I will say one of the favorite things about my life are the many friendships that I have. Most of my friends will tell you I have never met a stranger. I take after my dad. Which is why we are probably both in sales. I have close friendships from many different phases in my life-high school, college, current job, previous job, tennis, and team in training. It is sometimes a lot to keep up with, but that is another post for another day.
My high school girl friends (aka 90210) are the ones I have known the longest (obviously) and have seen me go through many changes in my life. I literally talk to several of them on an almost daily basis (the beauty of outside sales and stay-at-home moms). They have been there for me through the best, worst, hardest and happiest times of my life. But, I am a different place in my life than they are-I will admit some love to live vicariously through me-I am single, work full time, travel, and well, run…a lot.
This weekend is one of the girls bachelorette party and I cannot wait. I cherish the time we all get to spend together because it is so little these days-we are all spread out in the South and again, several of them have families. I know we will have a blast. But one thing keeps weighing on my mind, and I know most of you can relate. I have a scheduled run. Luckily it’s only 8 miles, but it still needs to be done. And I don’t want to even have to do it….
I am the runner of the group. My “running” friends are my “running” friends. The two don’t exactly cross over. None of my high school friends race marathons and 1/2 marathons for shits and giggles. And for that reason, I am afraid of judgement. I know they probably get sick of hearing about my races and training runs but this is what is important to me.

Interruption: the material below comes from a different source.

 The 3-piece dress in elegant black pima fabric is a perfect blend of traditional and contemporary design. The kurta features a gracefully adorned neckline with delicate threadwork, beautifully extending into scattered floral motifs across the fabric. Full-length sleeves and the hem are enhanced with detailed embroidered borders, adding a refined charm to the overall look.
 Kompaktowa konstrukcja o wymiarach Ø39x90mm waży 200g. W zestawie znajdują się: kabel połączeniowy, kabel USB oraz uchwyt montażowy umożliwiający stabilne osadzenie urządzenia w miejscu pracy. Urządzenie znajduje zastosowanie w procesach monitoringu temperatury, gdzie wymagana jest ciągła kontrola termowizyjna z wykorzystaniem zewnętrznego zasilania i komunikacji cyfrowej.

I worry that they will get mad (or think it in their head) or think that it is ridiculous that I have to run this weekend. They aren’t training for a marathon so I don’t expect them to get it. I have played the scenario out in my head over and over again. I could run Friday afternoon when we get there and probably miss some quality drinking time or don’t drink as much Friday night and wake up early before they do to get the 8 miles in. Either way I fear I will get comments or rolled eyes over what I choose to do. And I know if they do make comments they don’t mean any harm or ill will towards me, they just may not see the point or understand why I
love need to run.
The same goes for me with my current eating situation. Most people who found out I gave up sweets, fried food and processed food (to a degree) thought I was nuts. I heard many opinions and still do 3 weeks in. Why would you do that? What do you eat? Don’t you want food that tastes good? I guess it’s like the running–why would you want to run 26.2 miles? Don’t you get sick of it? Blah, Blah, Blah. I know it will all probably come up again this weekend too, but I am okay with that.

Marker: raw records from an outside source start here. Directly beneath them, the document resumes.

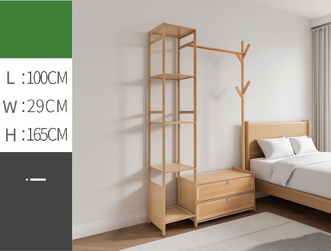 165x100cm Bamboo Clothes Rack Stand with Storage Shelves – Freestanding Garment Organiser in Wood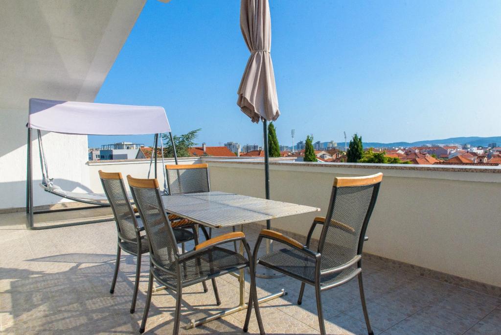 Wir bieten eine schöne 3-Zimmer-Wohnung mit 2 Schlafzimmern, einem modernen WC mit Fenster und Waschmaschine, einer großen offenen Küche mit Anschluss an einen Receiver und Klimaanlage. Dahinter erwartet Sie eine große Terrasse mit herrlichem Blick auf die Stadt und das Meer, auf der Sie genießen und entspannen können. Die Anlage liegt 30 Gehminuten vom schönen Stadtstrand und dem historischen Stadtzentrum entfernt. 10 Minuten mit dem Auto oder Taxi. Parken direkt vor dem Gebäude.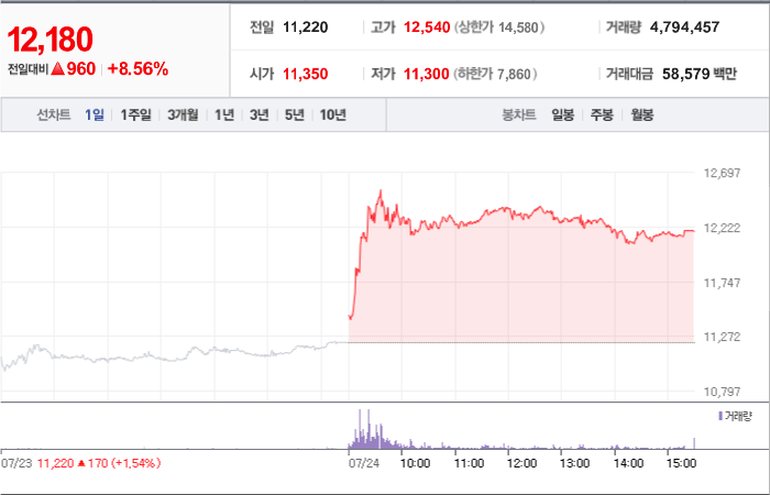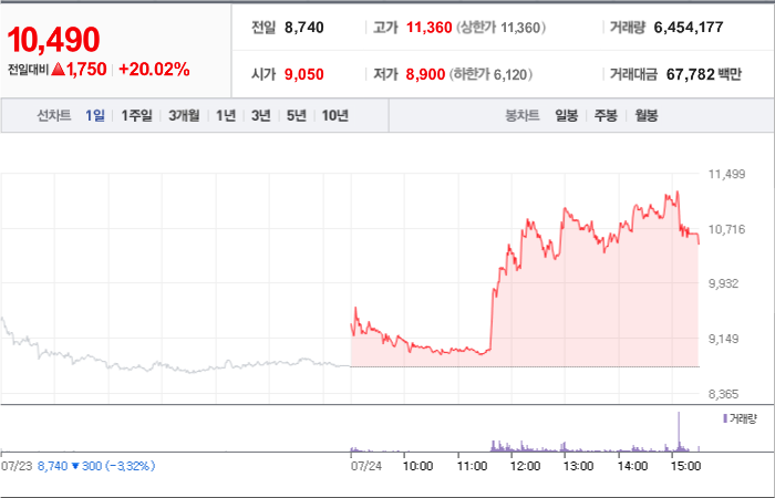 10,700시총: 1조 4,924억원, 거래량:195,539, 거래대금:24,883백만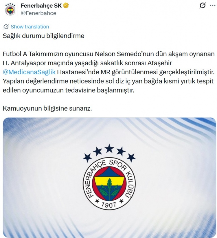 消息称塞梅多在昨晚对阵安塔利亚体育的比赛中受伤,经过MRI检查确认其左膝内侧韧带部分撕裂,目前已开始接受治疗。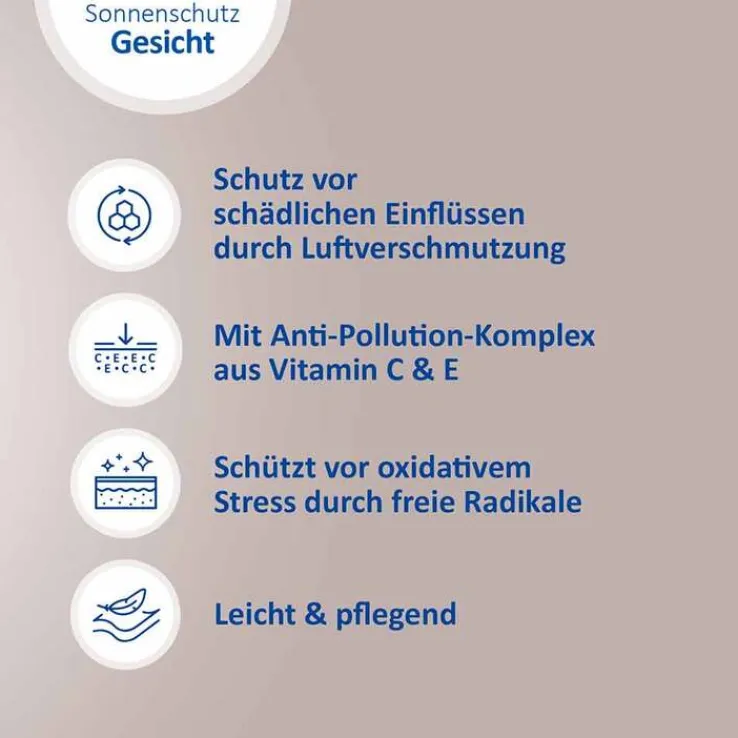 Dank ihrer leichten und pflegenden Rezeptur zieht die Sonnenschutz-Creme schnell ein und bietet eine ideale Grundlage für Make-Up. Sie schützt Ihre Haut effektiv vor sonnenbedingten Zellschäden und dank Anti-Pollution-Komplex aus Vitamin C & E vor oxidativem Stress und freien Radikalen.

I’m not saying that my friends judge me right now, I am more or less afraid of what they may (or may already) think. And it’s not just my high school friends (they come up because I am seeing them this weekend) it is all of my friends. I have had to miss (or not “celebrate” as hard) birthday parties, bridal showers, dinners and nights out, holidays, etc. for running. I’m sure they all think I am nuts and probably a little selfish. But that is my choice, and I know that.
My point is I value my friends and family’s opinions a lot. I seek their approval in many ways. This is one of those ways. I want them to be proud of my accomplishments. I hope that they can understand that this is my passion and to not judge my “wacky” ways.
I don’t want my personal health decisions, whether it be running or eating, to be a reason to judge me (or get upset with me). And I hope that it’s not.